Copy every entry as is. Leave images out.

Data records:

------

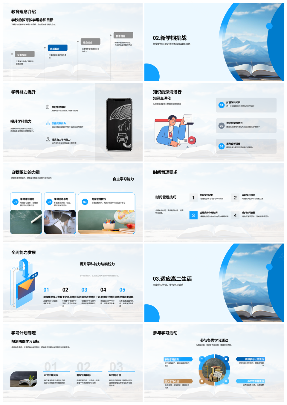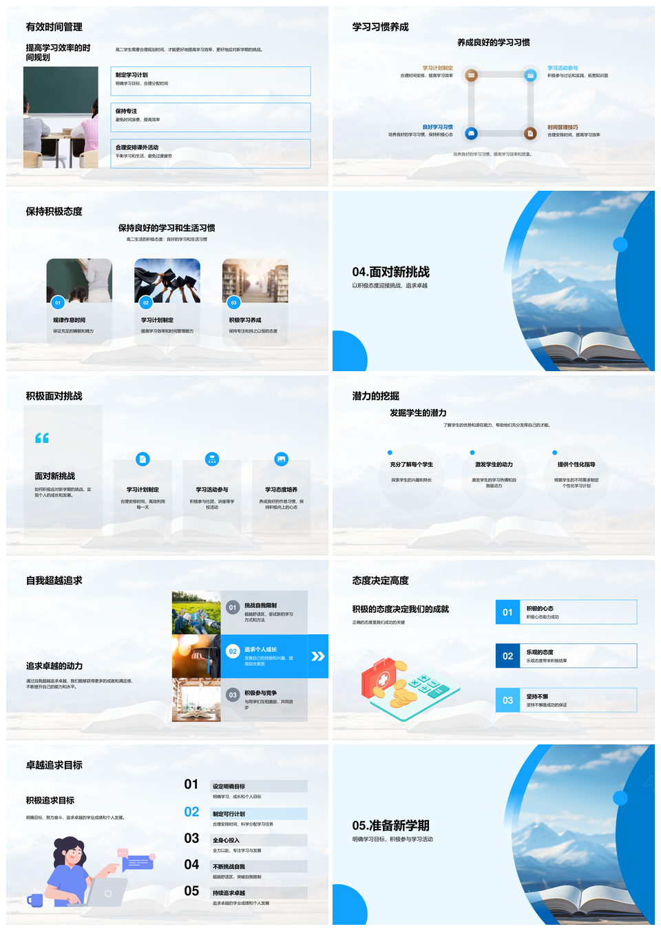这是一张高二新征程提能深识自主计划高效习惯启卷PPT模板,包含高二、新征程、提能、深识、自主计划、高效习惯、启卷等主题内容,也可用作高二新征程提能深识、高二新征程提能自主、高二新征程自主计划、高二提能深识自主、提能深识自主计划、自主计划高效习惯、计划高效习惯启卷、新征程提能深识自主、提能深识高效习惯、深识自主计划高效、高二自主计划高效、高二提能深识高效、自主计划高效启卷、高效习惯启卷计划、高二新征程自主高效等PPT场景使用。 风云办公提供的高二新征程提能深识自主计划高效习惯启卷PPT模板,下载格式为pptx,一共33页,作品中文字及图均可以修改和编辑,图片更改请在作品中右键图片并更换,文字修改请直接点击文字进行修改。
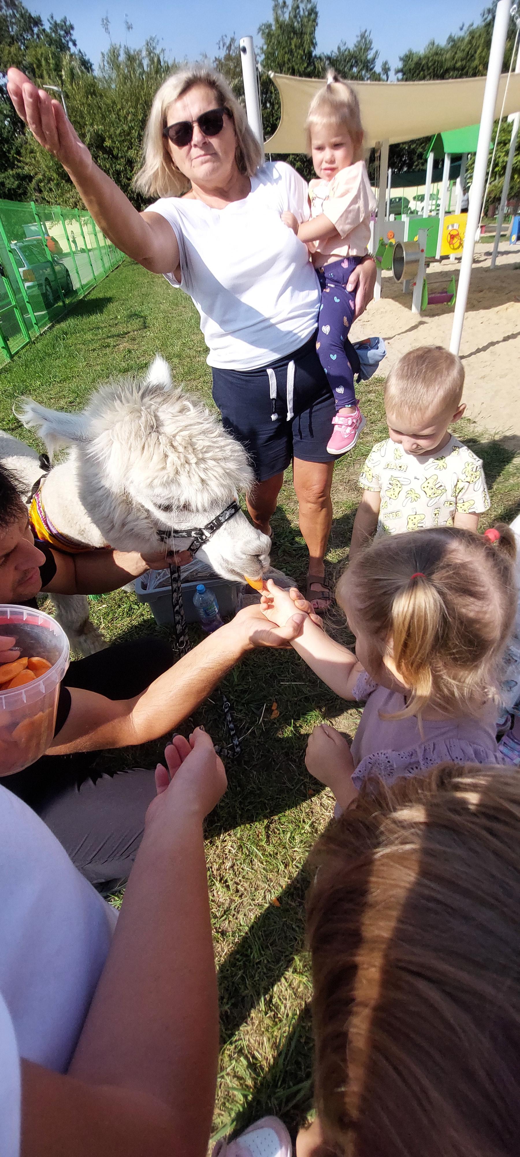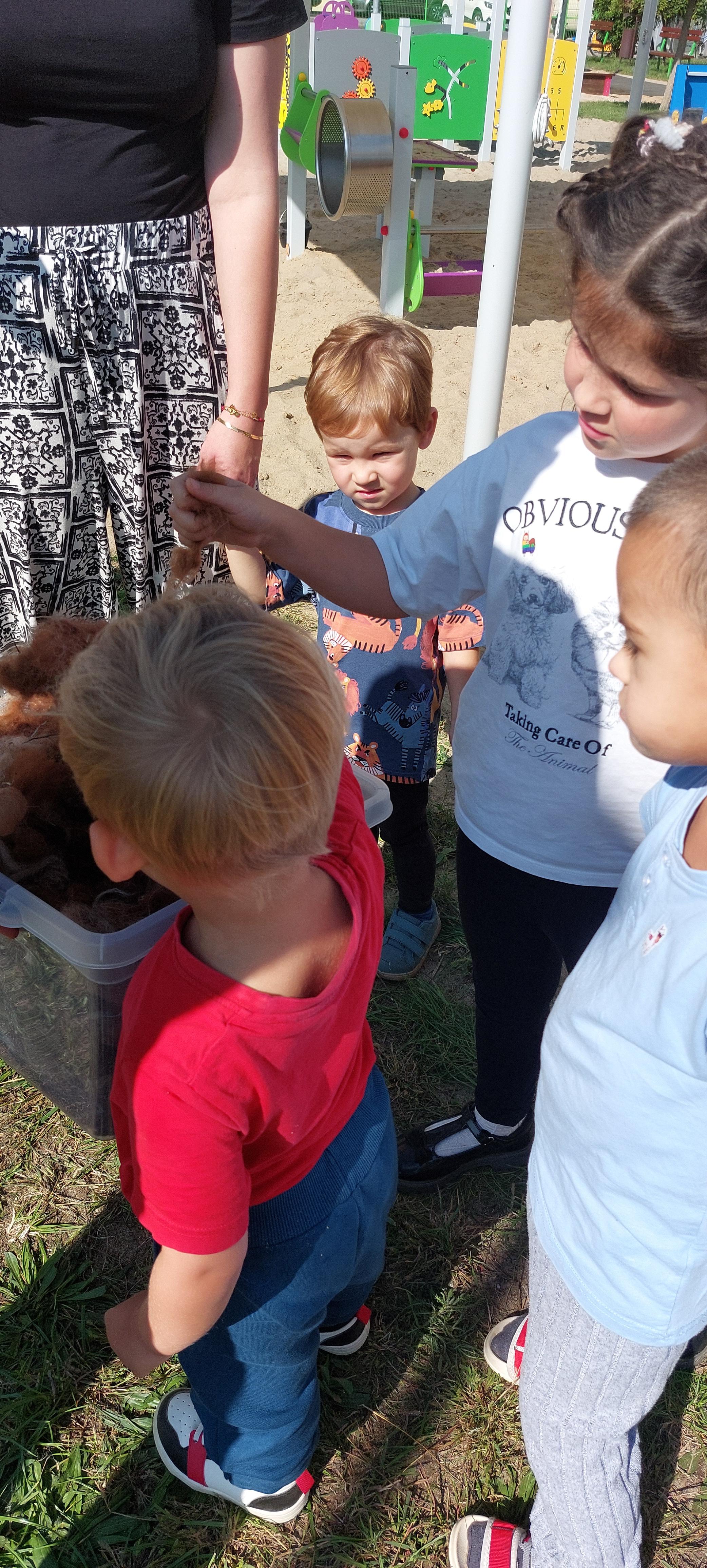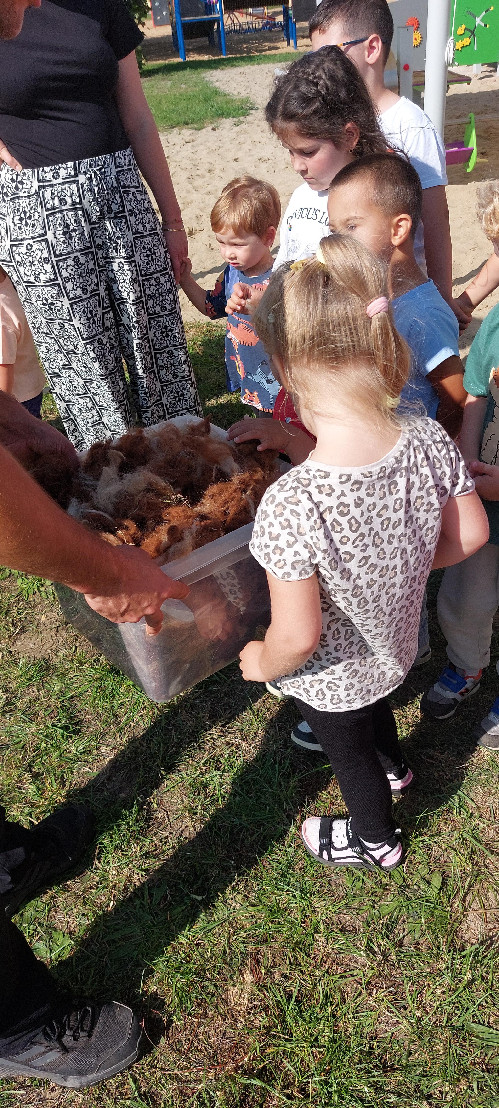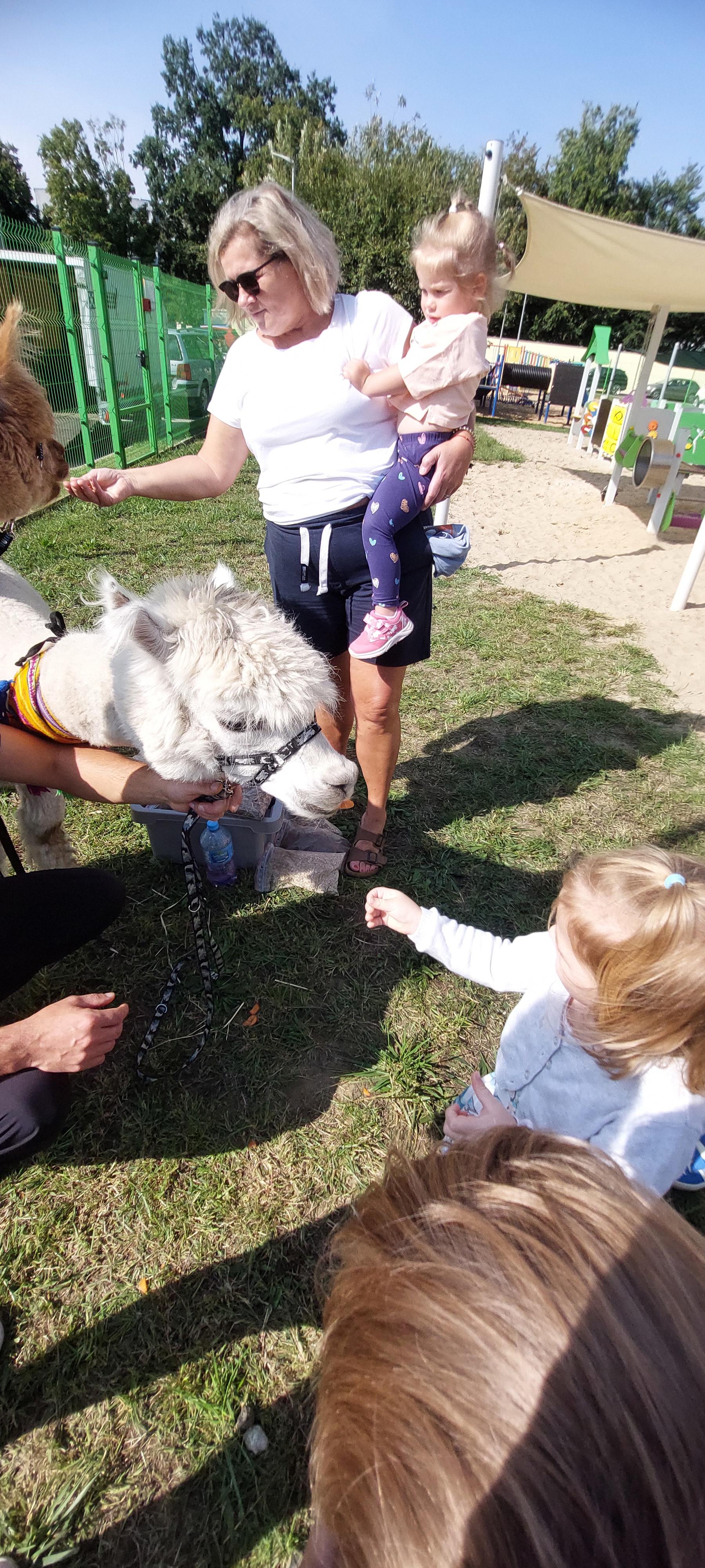 Na początku września do Naszego przedszkola zawitali wyjątkowi goście- Alpaki. Zwierzęta wzbudziły zachwyt u wszystkich dzieci oraz Pań. Dzieci dowiedziały się jak wygląda pielęgnacja zwierząt, jaki jest ulubiony przysmak, w jakiej pozycji śpią oraz jak często zażywają kąpieli. Każdy przedszkolak miał okazję nakarmić zwierzątko. Wizyta zwierząt sprawiła wszystkim dzieciom wiele radości, a dla niektórych przedszkolaków była to okazja do zmierzenia się z własnym lękiem.
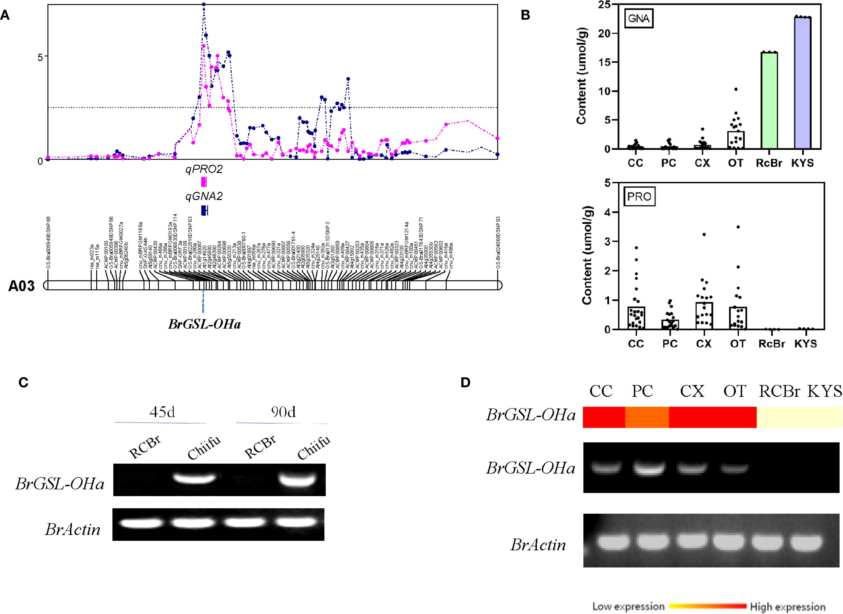 Figure 2. Quantitative trait locus (QTL) mapping for progoitrin and the expression of the candidate gene BrGSL-OHa. (A) QTL positions for progoitrin and gluconapin on chromosome A03. (B) Distribution of gluconapin (GNA) and progoitrin (PRO) contents among different types of Brassica rapa. CC, Chinese cabbage; PC, Pakchoi; CX, Caixin; OT, Oil-type. Rapid-cycling B. rapa (RCBr) and ‘KYS’ are two oil-type B. rapa varieties showing extremely high GNA content and low PRO content. (C) Semi-quantitative real-time polymerase chain reaction (RT-PCR) analysis of the candidate gene BrGSL-OHa using 46-day-old and 90-day-old fresh leaves of ‘Chiifu’ and RCBr. The B. rapa actin gene was used as a control for RNA quantification. (D) Real-time and semi-quantitative PCR analysis of BrGSL-OHa among lines representing different types of B. rapa.
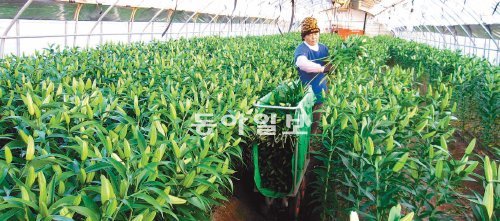 17일 경북 안동시 일직면 화훼농가에서 한 농민이 일본 수출용 백합을 수확하고 있다. 안동시는 올해 11월 말 기준 일본 지역에 수출하는 백합과 국화의 규모가 지난해보다 15배 이상 늘어난 33t을 기록했다고 밝혔다.
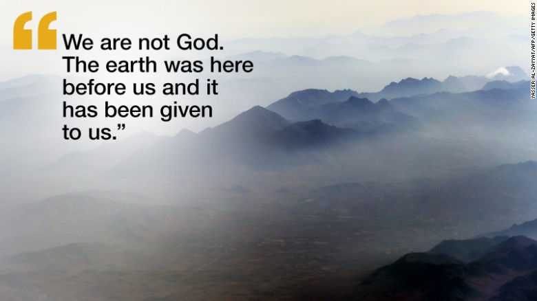 “The earth, our home, is beginning to look more and more like an immense pile of filth. In many parts of the planet, the elderly lament that once beautiful landscapes are now covered with rubbish.”
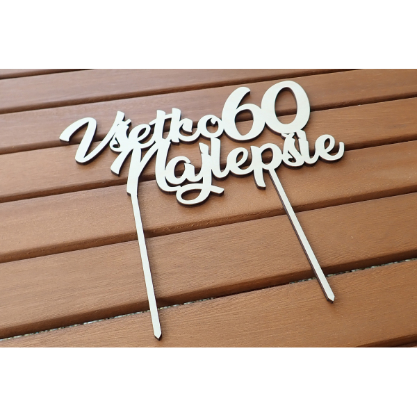 Drevený zápich na tortu Všetko najlepšie 60 je krásnym doplnkom narodeninovej torty. Drevený zápich je vyrobený laserom z brezovej preglejky o hrúbke 3 mm, brúsený, farba prírodná. Rozmery: šírka nápisu 20 cm, výška 19,8 cm, zápich cca 10 cm. Predaj po 1 ks.
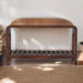 - Features: 100% Buffalo Hide Leather,100% Solid Mango Wood,Slatted Shelf,Chestnut Finished,Straight Feet,Space-Saving
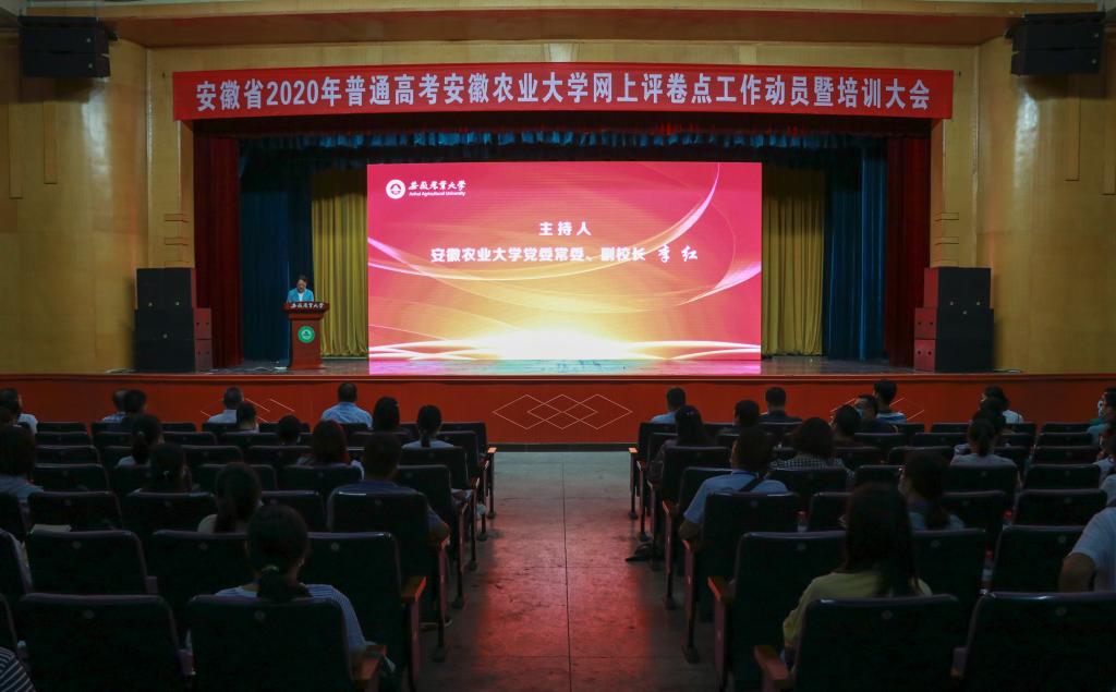 本网讯 7月11日上午,安徽省2020年普通高考外语科目网上评卷动员暨培训大会在我校大礼堂召开,这是安徽省普通高考实行网上评卷以来,我校连续第十五年承担此项任务。校党委常委、副校长李红主持会议,校党委常委、纪委书记陈文兵,省教育招生考试院副院长胡雨生出席会议,评卷专家及教师共430多人参加会议。

------

Solution for this problem:
这是一张高二新征程提能深识自主计划高效习惯启卷PPT模板,包含高二、新征程、提能、深识、自主计划、高效习惯、启卷等主题内容,也可用作高二新征程提能深识、高二新征程提能自主、高二新征程自主计划、高二提能深识自主、提能深识自主计划、自主计划高效习惯、计划高效习惯启卷、新征程提能深识自主、提能深识高效习惯、深识自主计划高效、高二自主计划高效、高二提能深识高效、自主计划高效启卷、高效习惯启卷计划、高二新征程自主高效等PPT场景使用。 风云办公提供的高二新征程提能深识自主计划高效习惯启卷PPT模板,下载格式为pptx,一共33页,作品中文字及图均可以修改和编辑,图片更改请在作品中右键图片并更换,文字修改请直接点击文字进行修改。
 Na początku września do Naszego przedszkola zawitali wyjątkowi goście- Alpaki. Zwierzęta wzbudziły zachwyt u wszystkich dzieci oraz Pań. Dzieci dowiedziały się jak wygląda pielęgnacja zwierząt, jaki jest ulubiony przysmak, w jakiej pozycji śpią oraz jak często zażywają kąpieli. Każdy przedszkolak miał okazję nakarmić zwierzątko. Wizyta zwierząt sprawiła wszystkim dzieciom wiele radości, a dla niektórych przedszkolaków była to okazja do zmierzenia się z własnym lękiem.
 Figure 2. Quantitative trait locus (QTL) mapping for progoitrin and the expression of the candidate gene BrGSL-OHa. (A) QTL positions for progoitrin and gluconapin on chromosome A03. (B) Distribution of gluconapin (GNA) and progoitrin (PRO) contents among different types of Brassica rapa. CC, Chinese cabbage; PC, Pakchoi; CX, Caixin; OT, Oil-type. Rapid-cycling B. rapa (RCBr) and ‘KYS’ are two oil-type B. rapa varieties showing extremely high GNA content and low PRO content. (C) Semi-quantitative real-time polymerase chain reaction (RT-PCR) analysis of the candidate gene BrGSL-OHa using 46-day-old and 90-day-old fresh leaves of ‘Chiifu’ and RCBr. The B. rapa actin gene was used as a control for RNA quantification. (D) Real-time and semi-quantitative PCR analysis of BrGSL-OHa among lines representing different types of B. rapa.
 17일 경북 안동시 일직면 화훼농가에서 한 농민이 일본 수출용 백합을 수확하고 있다. 안동시는 올해 11월 말 기준 일본 지역에 수출하는 백합과 국화의 규모가 지난해보다 15배 이상 늘어난 33t을 기록했다고 밝혔다.
 “The earth, our home, is beginning to look more and more like an immense pile of filth. In many parts of the planet, the elderly lament that once beautiful landscapes are now covered with rubbish.”
 Drevený zápich na tortu Všetko najlepšie 60 je krásnym doplnkom narodeninovej torty. Drevený zápich je vyrobený laserom z brezovej preglejky o hrúbke 3 mm, brúsený, farba prírodná. Rozmery: šírka nápisu 20 cm, výška 19,8 cm, zápich cca 10 cm. Predaj po 1 ks.
 - Features: 100% Buffalo Hide Leather,100% Solid Mango Wood,Slatted Shelf,Chestnut Finished,Straight Feet,Space-Saving
 本网讯 7月11日上午,安徽省2020年普通高考外语科目网上评卷动员暨培训大会在我校大礼堂召开,这是安徽省普通高考实行网上评卷以来,我校连续第十五年承担此项任务。校党委常委、副校长李红主持会议,校党委常委、纪委书记陈文兵,省教育招生考试院副院长胡雨生出席会议,评卷专家及教师共430多人参加会议。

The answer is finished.